Dataset:

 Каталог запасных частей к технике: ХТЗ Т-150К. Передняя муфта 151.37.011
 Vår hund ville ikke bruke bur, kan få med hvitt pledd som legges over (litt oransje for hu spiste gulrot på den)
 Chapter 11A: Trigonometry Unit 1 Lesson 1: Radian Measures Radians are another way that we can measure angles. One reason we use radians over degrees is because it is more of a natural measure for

---

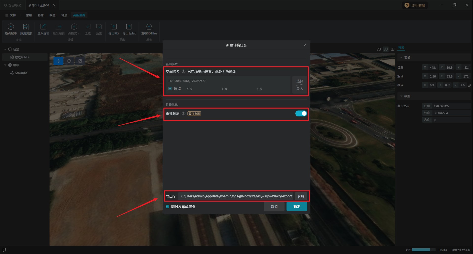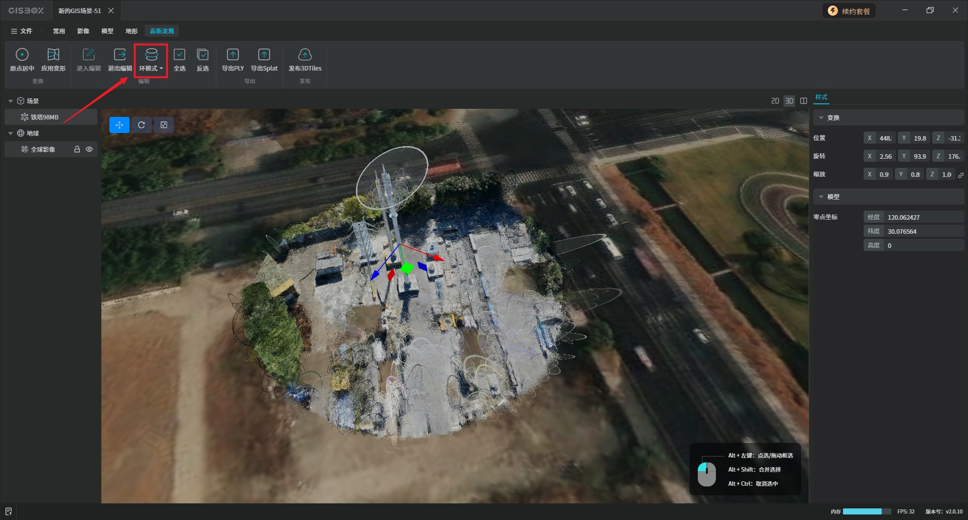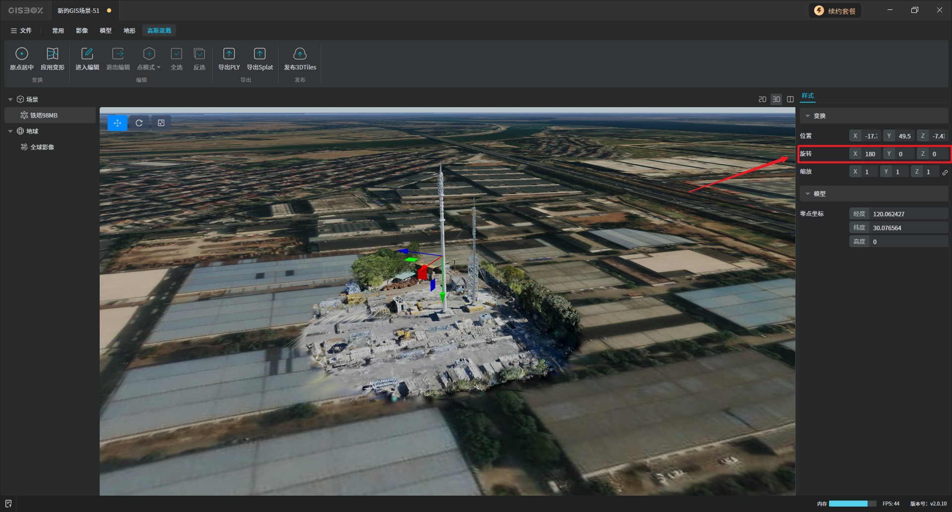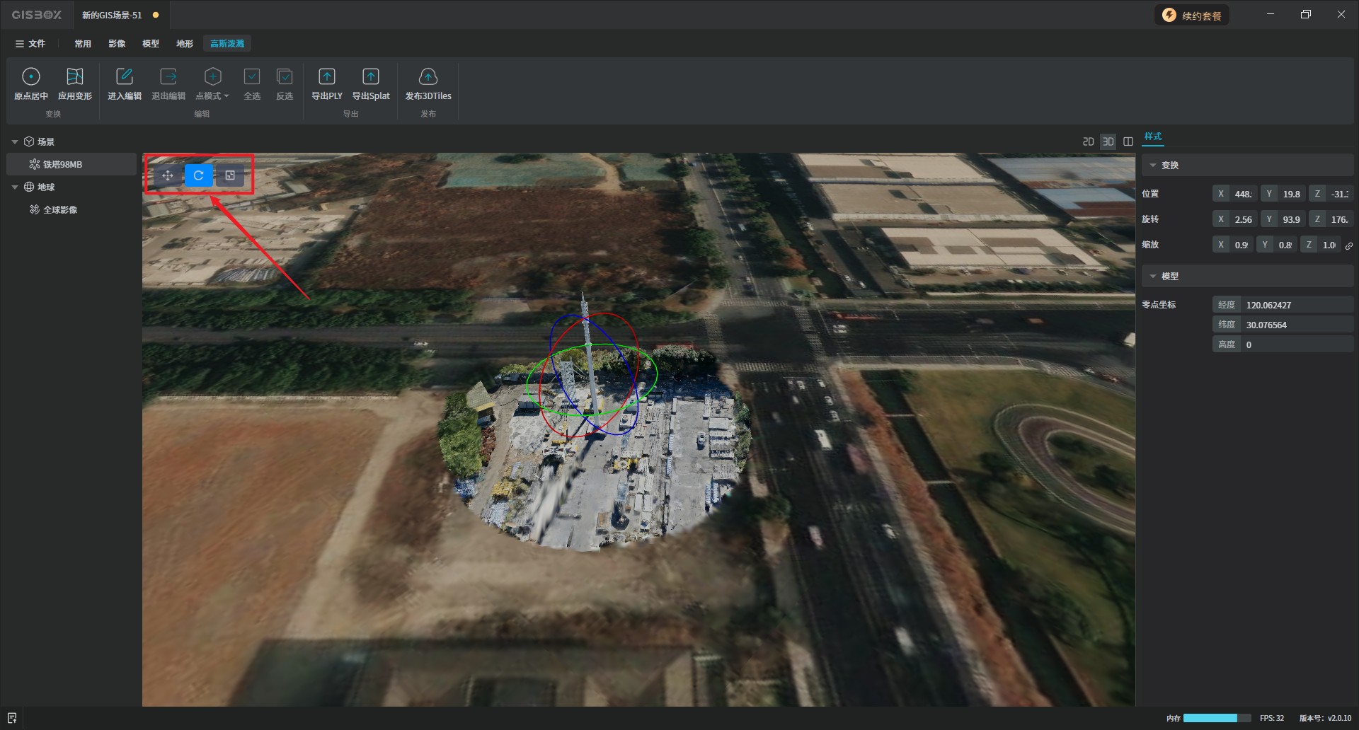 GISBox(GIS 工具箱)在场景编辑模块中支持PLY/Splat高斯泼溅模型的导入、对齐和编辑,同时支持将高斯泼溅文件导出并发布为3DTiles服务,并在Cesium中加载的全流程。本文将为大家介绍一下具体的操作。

Work order:
Search the listing above for the string "over" and return each line it appears on.

Exercise result:
 Vår hund ville ikke bruke bur, kan få med hvitt pledd som legges over (litt oransje for hu spiste gulrot på den)
 Chapter 11A: Trigonometry Unit 1 Lesson 1: Radian Measures Radians are another way that we can measure angles. One reason we use radians over degrees is because it is more of a natural measure for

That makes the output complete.